### RECORDED INFORMATION
###
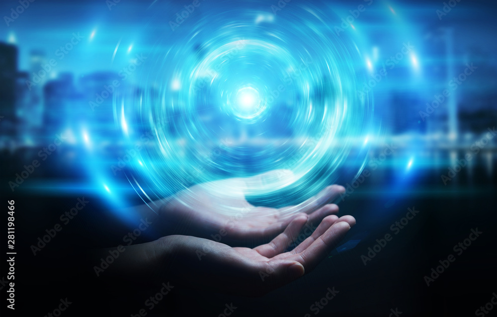Wall mural businessman creating new futuristic energy power source 3d rendering - Wall murals Wall mural businessman creating new futuristic energy power source 3d rendering - Wall murals
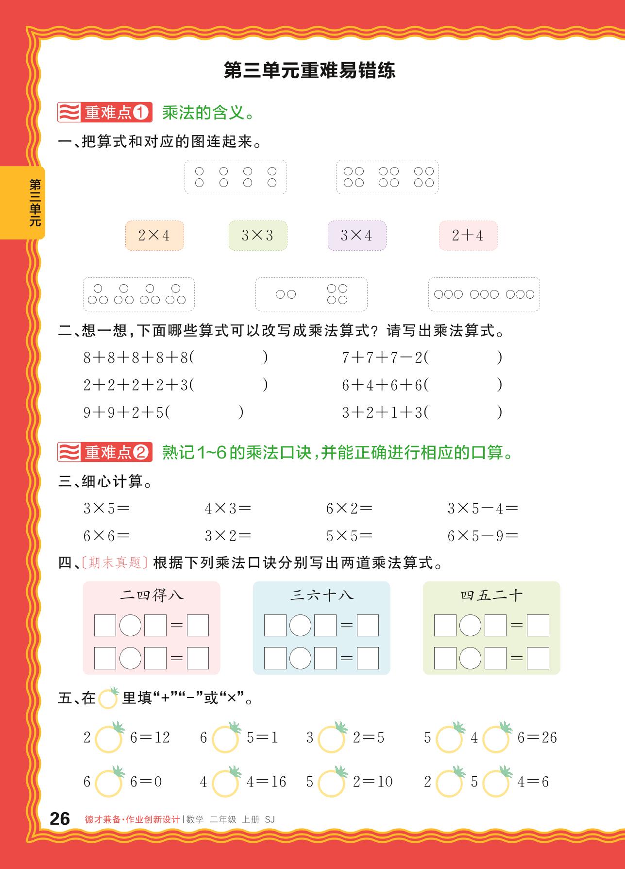 2024秋上册二年级数学苏教版 第三单元重难易错练
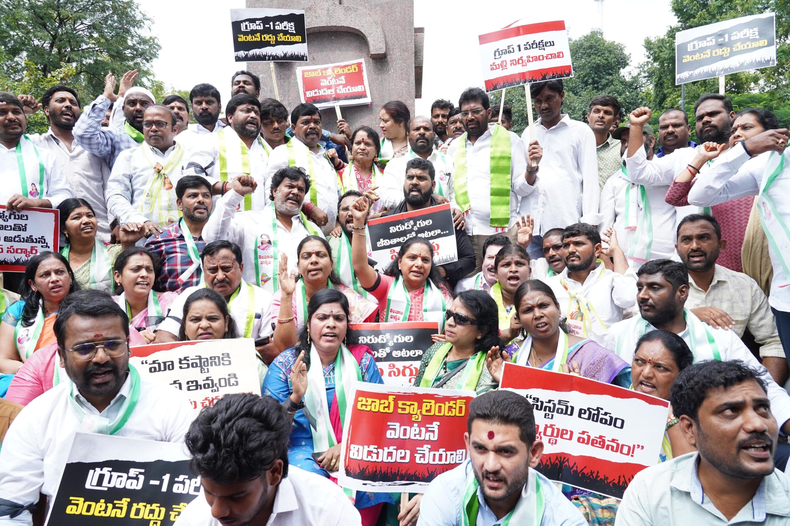 ۔ دھرنا کی قیادت تلنگانہ جاگروتی کی صدر کلواکنٹلہ کویتا نے کی۔ اس موقع پر جاگروتی کے سینکڑوں کارکنوں کے ساتھ ساتھ گروپ-1 امیدواروں نے بھی بڑی تعداد میں شرکت کی اور حکومت کے رویہ کیخلاف سخت احتجاج درج کرایا۔
###
### TASK PROMPT
Repeat the material line for line. Pictures stay out of the copy.

### ANSWER SECTION
Wall mural businessman creating new futuristic energy power source 3d rendering - Wall murals Wall mural businessman creating new futuristic energy power source 3d rendering - Wall murals
 2024秋上册二年级数学苏教版 第三单元重难易错练
 ۔ دھرنا کی قیادت تلنگانہ جاگروتی کی صدر کلواکنٹلہ کویتا نے کی۔ اس موقع پر جاگروتی کے سینکڑوں کارکنوں کے ساتھ ساتھ گروپ-1 امیدواروں نے بھی بڑی تعداد میں شرکت کی اور حکومت کے رویہ کیخلاف سخت احتجاج درج کرایا۔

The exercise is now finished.